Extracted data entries
· · · · · · ·

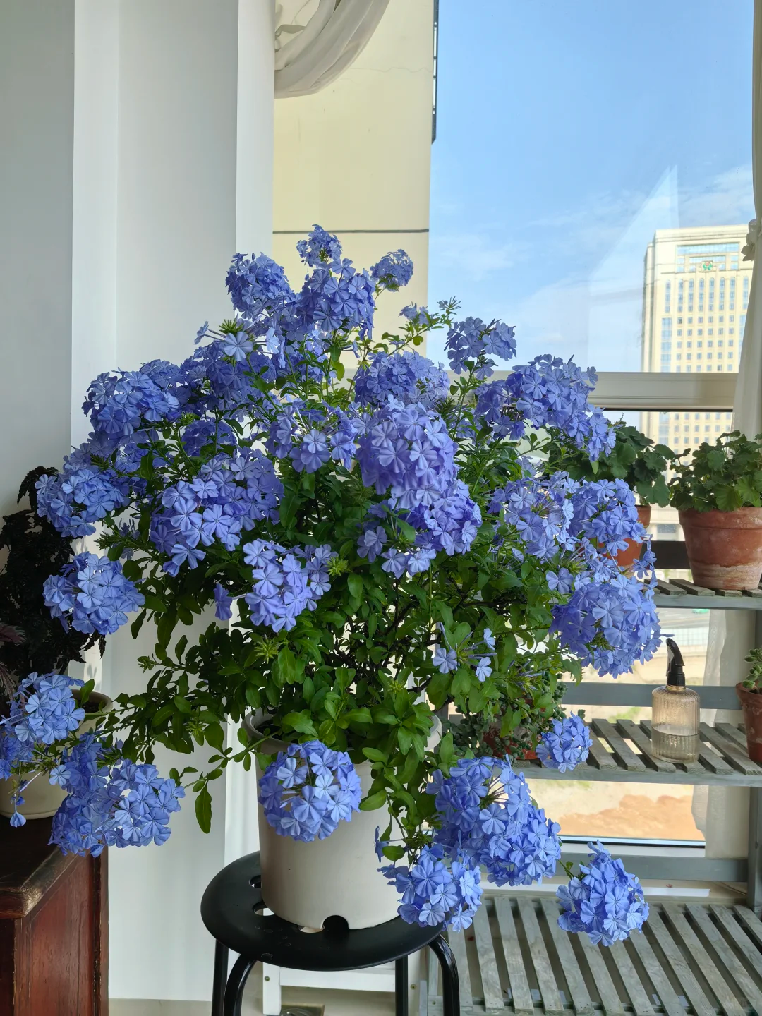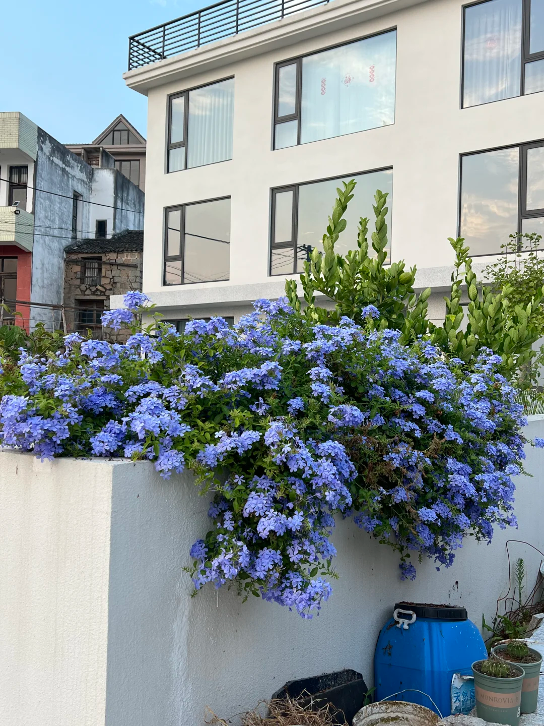 蓝雪花生命力旺盛,堪比野草,养护简单,而且开出的花色是清凉的蓝色,可以从5月份一直持续到12月份左右。
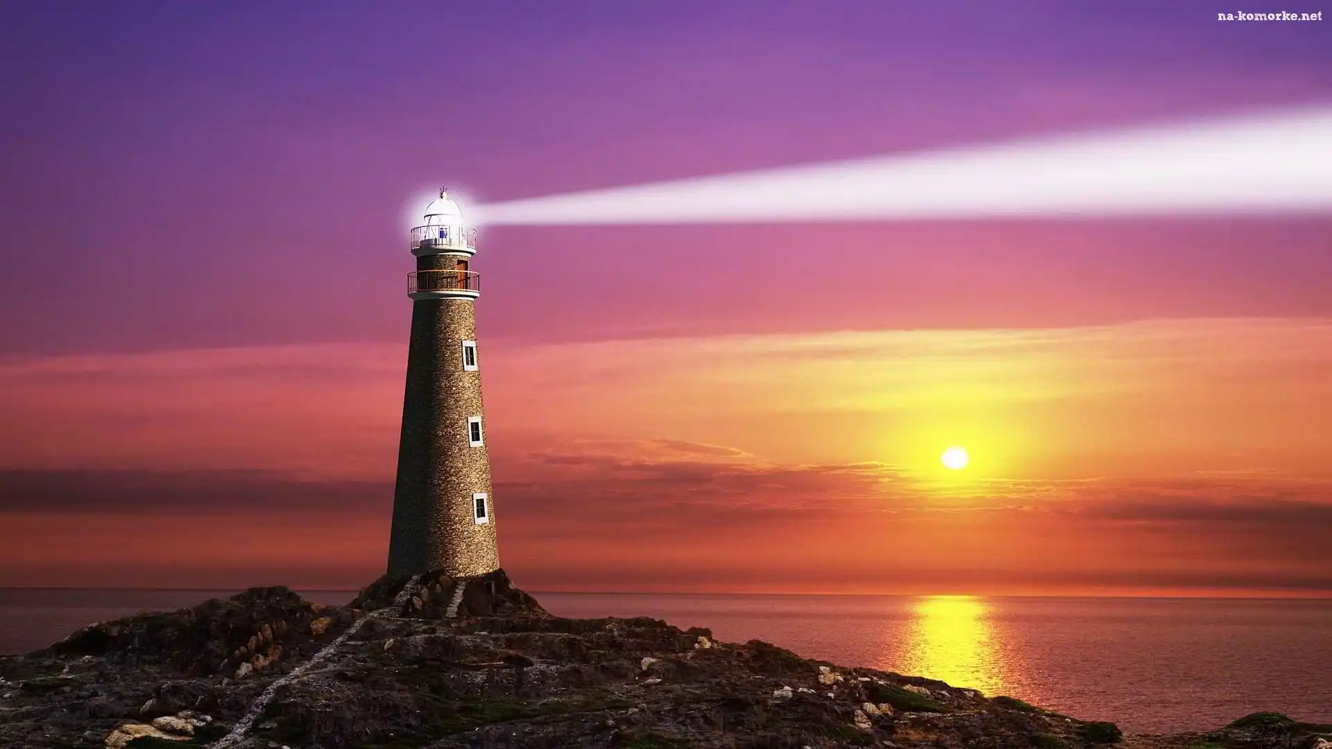 Zachód, Morska, Słońca, Latarnia na Komórkę
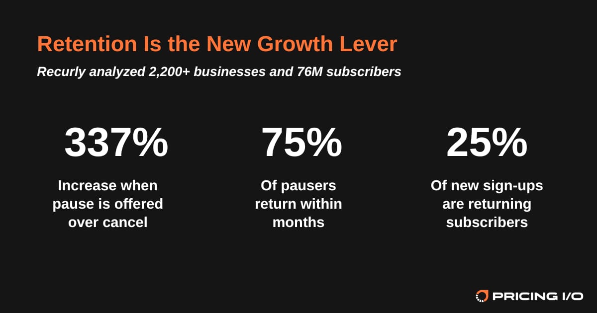 Retention is no longer a “save churn” motion. It is a growth lever. Recurly analyzed 2,200+ businesses and 76M subscribers and surfaced a clear pattern. The best companies build a reversible customer journey, not a cancel cliff. The 3 stats we wanted to highlight from the report:
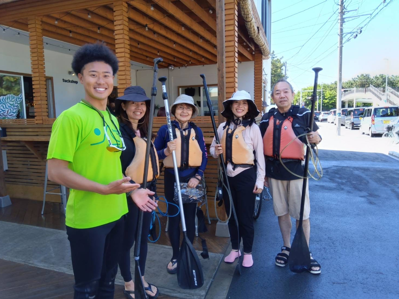 まずは施設で受付後、着替えを済ませて陸上でSUPの基本操作を丁寧にレクチャー。
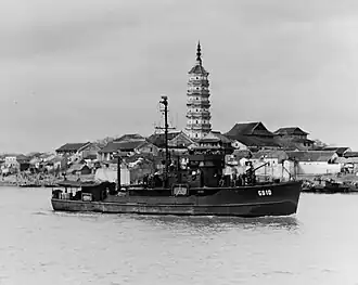 PCS-1457, planned as PC-1457, was reclassified PCS in April 1943 and laid down by Ballard Marine Railway Company, Seattle, Washington on 23 May 1943.[1][2] The vessel was launched on 6 September 1943 sponsored by Miss Patricia McQuire and on 26 February 1944 commissioned as USS PCS-1457 sailing for the Pacific war zone after shakedown and training.[1]
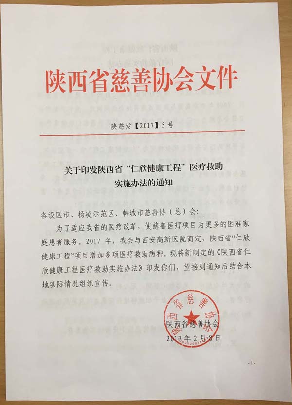 愛心救助工作在西安高新醫院已開展多年,是醫院長期堅持的一項公益救助項目。醫院高度重視“仁欣健康工程”基金的落實,特設立項目辦公室,精心組織、認真負責,項目辦公室成員多次到陜西省及鄰邊省份200多個市、區、縣慈善組織和民政部門,開展多渠道、全方位,有特色的宣傳工作,積極推動“仁欣健康工程”項目的實施。近年來,隨著西安高新醫院的不斷發展,設備在不斷增加與更新,醫療技術有了進一步提高,新增了許多醫療專業,惡性腫瘤放療患者、急性白血病、造血干細胞移植以及血液透析患者等許多復雜疑難病患者慕名而來。這些病種的醫療費用較大,國家醫保(農合)報銷有限,許多家庭因此陷入經濟困境,為進一步減輕患者醫療負擔,項目辦公室負責人多次走訪有關部門,協商將“仁欣健康工程”基金救助病種擴大范圍。經過不懈的努力,陜西省慈善協會同意將“惡性腫瘤放療;急性白血病、造血干細胞移植以及門診血液透析”等病種也納入“仁欣健康工程”基金的救助范圍。相信廣大的適應癥患者已經聽到了這一振奮人心的消息。
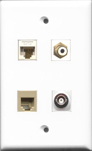 RiteAV 1 Port RCA White and 1 Port Phone RJ11 RJ12 Beige and 1 Port BNC and 1 Port Cat6 Ethernet White Wall Plate
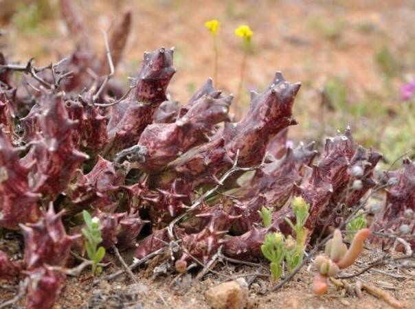 Многогодишен храст с тетраедрични месести издънки достига височина 60 см. По ребрата на стъблата има меки тънки издънки. Цветът на короната е тъмно лилав, поради липсата на листа, цветът понякога се бърка с кактус.
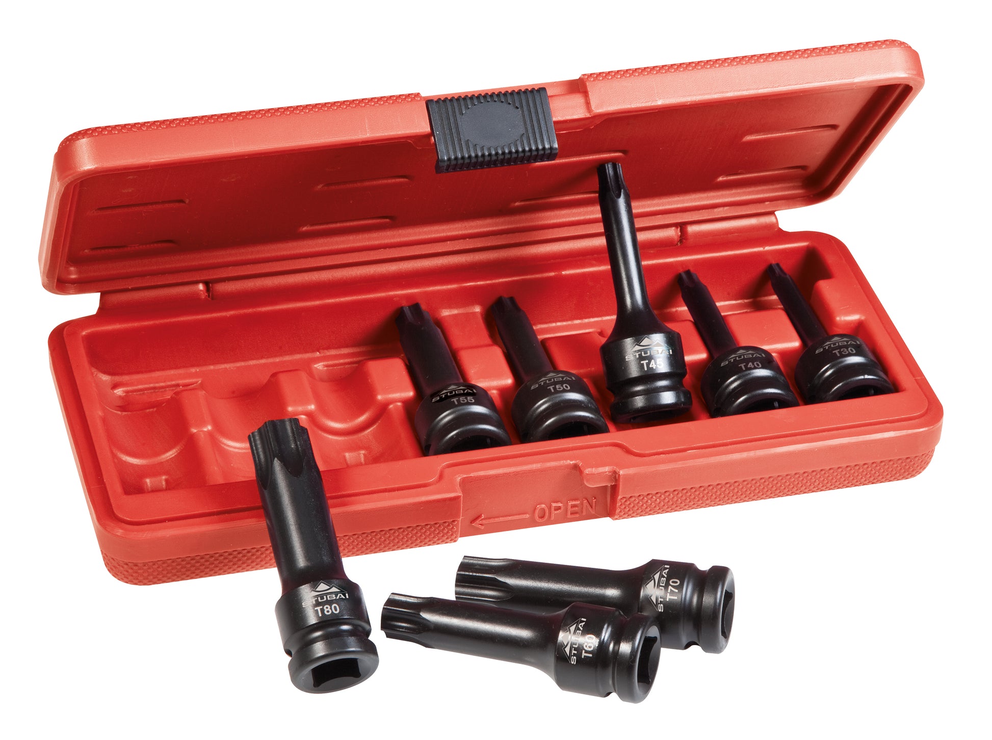 Nr. 2350 STUBAI Krafteinsätze Torx 1/2 DIN 3121 Chrom-Molybdän Stahl schwarz, 8-tlg.in Kunststoffkassette. Bestehend aus: TX30 TX40 TX45 TX50 TX55 TX60 TX70 TX80

· · · · · · ·

Task item
Give again, exactly as written above, each line from the one that has "PCS-1457, planned as" to the one that has "Многогодишен храст с", both included; omit the pictures.

Task answer
 PCS-1457, planned as PC-1457, was reclassified PCS in April 1943 and laid down by Ballard Marine Railway Company, Seattle, Washington on 23 May 1943.[1][2] The vessel was launched on 6 September 1943 sponsored by Miss Patricia McQuire and on 26 February 1944 commissioned as USS PCS-1457 sailing for the Pacific war zone after shakedown and training.[1]
 愛心救助工作在西安高新醫院已開展多年,是醫院長期堅持的一項公益救助項目。醫院高度重視“仁欣健康工程”基金的落實,特設立項目辦公室,精心組織、認真負責,項目辦公室成員多次到陜西省及鄰邊省份200多個市、區、縣慈善組織和民政部門,開展多渠道、全方位,有特色的宣傳工作,積極推動“仁欣健康工程”項目的實施。近年來,隨著西安高新醫院的不斷發展,設備在不斷增加與更新,醫療技術有了進一步提高,新增了許多醫療專業,惡性腫瘤放療患者、急性白血病、造血干細胞移植以及血液透析患者等許多復雜疑難病患者慕名而來。這些病種的醫療費用較大,國家醫保(農合)報銷有限,許多家庭因此陷入經濟困境,為進一步減輕患者醫療負擔,項目辦公室負責人多次走訪有關部門,協商將“仁欣健康工程”基金救助病種擴大范圍。經過不懈的努力,陜西省慈善協會同意將“惡性腫瘤放療;急性白血病、造血干細胞移植以及門診血液透析”等病種也納入“仁欣健康工程”基金的救助范圍。相信廣大的適應癥患者已經聽到了這一振奮人心的消息。
 RiteAV 1 Port RCA White and 1 Port Phone RJ11 RJ12 Beige and 1 Port BNC and 1 Port Cat6 Ethernet White Wall Plate
 Многогодишен храст с тетраедрични месести издънки достига височина 60 см. По ребрата на стъблата има меки тънки издънки. Цветът на короната е тъмно лилав, поради липсата на листа, цветът понякога се бърка с кактус.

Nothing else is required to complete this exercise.